*What the task asks*
Pictures must be dropped from the copy of the entries below; all else is returned exactly.

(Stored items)
# # # #

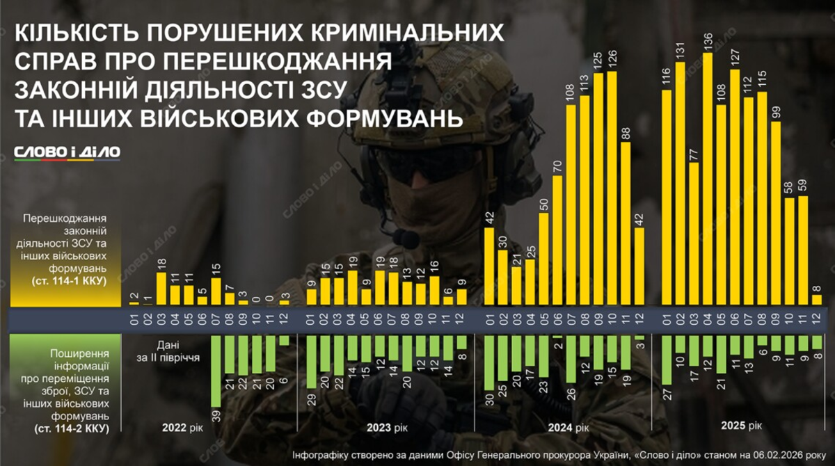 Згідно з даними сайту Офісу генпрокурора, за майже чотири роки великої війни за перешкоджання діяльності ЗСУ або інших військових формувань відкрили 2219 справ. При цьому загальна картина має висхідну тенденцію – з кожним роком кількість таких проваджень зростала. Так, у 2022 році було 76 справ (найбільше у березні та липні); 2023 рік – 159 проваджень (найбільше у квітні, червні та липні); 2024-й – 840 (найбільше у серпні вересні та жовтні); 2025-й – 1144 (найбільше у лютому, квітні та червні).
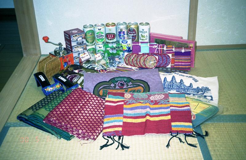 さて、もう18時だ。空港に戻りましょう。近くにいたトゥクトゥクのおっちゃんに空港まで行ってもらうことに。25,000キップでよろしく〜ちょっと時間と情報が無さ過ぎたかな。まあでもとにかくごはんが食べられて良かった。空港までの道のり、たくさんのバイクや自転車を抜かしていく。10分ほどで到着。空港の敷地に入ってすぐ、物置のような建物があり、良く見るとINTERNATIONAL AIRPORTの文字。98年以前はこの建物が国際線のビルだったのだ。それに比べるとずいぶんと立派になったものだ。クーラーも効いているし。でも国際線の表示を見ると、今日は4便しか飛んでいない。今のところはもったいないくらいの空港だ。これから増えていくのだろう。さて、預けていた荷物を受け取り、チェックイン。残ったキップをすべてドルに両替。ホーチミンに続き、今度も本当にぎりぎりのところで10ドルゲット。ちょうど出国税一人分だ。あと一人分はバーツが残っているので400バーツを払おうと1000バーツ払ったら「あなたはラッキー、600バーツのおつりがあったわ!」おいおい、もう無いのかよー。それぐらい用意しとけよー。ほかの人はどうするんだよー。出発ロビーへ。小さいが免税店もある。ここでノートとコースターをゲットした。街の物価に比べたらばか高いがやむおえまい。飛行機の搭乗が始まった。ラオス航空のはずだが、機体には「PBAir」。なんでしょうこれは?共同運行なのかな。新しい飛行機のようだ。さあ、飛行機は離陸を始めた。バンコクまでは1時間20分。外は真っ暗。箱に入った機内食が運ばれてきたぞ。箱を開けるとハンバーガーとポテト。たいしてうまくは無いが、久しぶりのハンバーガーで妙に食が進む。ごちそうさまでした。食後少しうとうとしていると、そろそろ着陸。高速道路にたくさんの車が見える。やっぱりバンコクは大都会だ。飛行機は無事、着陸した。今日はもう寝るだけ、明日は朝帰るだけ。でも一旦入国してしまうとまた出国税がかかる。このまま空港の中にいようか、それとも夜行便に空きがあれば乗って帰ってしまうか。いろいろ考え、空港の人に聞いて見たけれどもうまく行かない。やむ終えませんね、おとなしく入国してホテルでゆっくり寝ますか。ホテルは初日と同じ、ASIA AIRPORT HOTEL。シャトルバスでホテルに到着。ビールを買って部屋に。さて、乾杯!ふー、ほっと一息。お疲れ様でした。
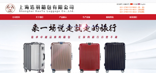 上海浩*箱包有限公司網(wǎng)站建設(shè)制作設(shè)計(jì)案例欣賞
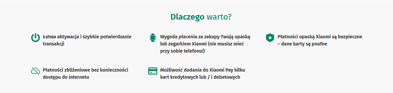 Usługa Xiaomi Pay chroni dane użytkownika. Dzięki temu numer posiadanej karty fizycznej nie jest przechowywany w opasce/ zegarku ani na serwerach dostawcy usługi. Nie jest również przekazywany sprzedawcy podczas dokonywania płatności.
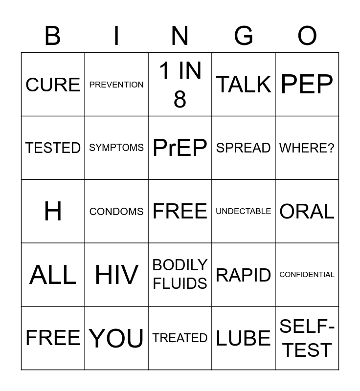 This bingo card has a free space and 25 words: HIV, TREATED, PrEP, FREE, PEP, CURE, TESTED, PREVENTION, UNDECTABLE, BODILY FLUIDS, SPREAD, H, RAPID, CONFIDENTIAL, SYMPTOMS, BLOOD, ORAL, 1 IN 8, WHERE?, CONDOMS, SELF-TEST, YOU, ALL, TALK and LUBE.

# # # #

*Solution to the problem*
 Згідно з даними сайту Офісу генпрокурора, за майже чотири роки великої війни за перешкоджання діяльності ЗСУ або інших військових формувань відкрили 2219 справ. При цьому загальна картина має висхідну тенденцію – з кожним роком кількість таких проваджень зростала. Так, у 2022 році було 76 справ (найбільше у березні та липні); 2023 рік – 159 проваджень (найбільше у квітні, червні та липні); 2024-й – 840 (найбільше у серпні вересні та жовтні); 2025-й – 1144 (найбільше у лютому, квітні та червні).
 さて、もう18時だ。空港に戻りましょう。近くにいたトゥクトゥクのおっちゃんに空港まで行ってもらうことに。25,000キップでよろしく〜ちょっと時間と情報が無さ過ぎたかな。まあでもとにかくごはんが食べられて良かった。空港までの道のり、たくさんのバイクや自転車を抜かしていく。10分ほどで到着。空港の敷地に入ってすぐ、物置のような建物があり、良く見るとINTERNATIONAL AIRPORTの文字。98年以前はこの建物が国際線のビルだったのだ。それに比べるとずいぶんと立派になったものだ。クーラーも効いているし。でも国際線の表示を見ると、今日は4便しか飛んでいない。今のところはもったいないくらいの空港だ。これから増えていくのだろう。さて、預けていた荷物を受け取り、チェックイン。残ったキップをすべてドルに両替。ホーチミンに続き、今度も本当にぎりぎりのところで10ドルゲット。ちょうど出国税一人分だ。あと一人分はバーツが残っているので400バーツを払おうと1000バーツ払ったら「あなたはラッキー、600バーツのおつりがあったわ!」おいおい、もう無いのかよー。それぐらい用意しとけよー。ほかの人はどうするんだよー。出発ロビーへ。小さいが免税店もある。ここでノートとコースターをゲットした。街の物価に比べたらばか高いがやむおえまい。飛行機の搭乗が始まった。ラオス航空のはずだが、機体には「PBAir」。なんでしょうこれは?共同運行なのかな。新しい飛行機のようだ。さあ、飛行機は離陸を始めた。バンコクまでは1時間20分。外は真っ暗。箱に入った機内食が運ばれてきたぞ。箱を開けるとハンバーガーとポテト。たいしてうまくは無いが、久しぶりのハンバーガーで妙に食が進む。ごちそうさまでした。食後少しうとうとしていると、そろそろ着陸。高速道路にたくさんの車が見える。やっぱりバンコクは大都会だ。飛行機は無事、着陸した。今日はもう寝るだけ、明日は朝帰るだけ。でも一旦入国してしまうとまた出国税がかかる。このまま空港の中にいようか、それとも夜行便に空きがあれば乗って帰ってしまうか。いろいろ考え、空港の人に聞いて見たけれどもうまく行かない。やむ終えませんね、おとなしく入国してホテルでゆっくり寝ますか。ホテルは初日と同じ、ASIA AIRPORT HOTEL。シャトルバスでホテルに到着。ビールを買って部屋に。さて、乾杯!ふー、ほっと一息。お疲れ様でした。
 上海浩*箱包有限公司網(wǎng)站建設(shè)制作設(shè)計(jì)案例欣賞
 Usługa Xiaomi Pay chroni dane użytkownika. Dzięki temu numer posiadanej karty fizycznej nie jest przechowywany w opasce/ zegarku ani na serwerach dostawcy usługi. Nie jest również przekazywany sprzedawcy podczas dokonywania płatności.
 This bingo card has a free space and 25 words: HIV, TREATED, PrEP, FREE, PEP, CURE, TESTED, PREVENTION, UNDECTABLE, BODILY FLUIDS, SPREAD, H, RAPID, CONFIDENTIAL, SYMPTOMS, BLOOD, ORAL, 1 IN 8, WHERE?, CONDOMS, SELF-TEST, YOU, ALL, TALK and LUBE.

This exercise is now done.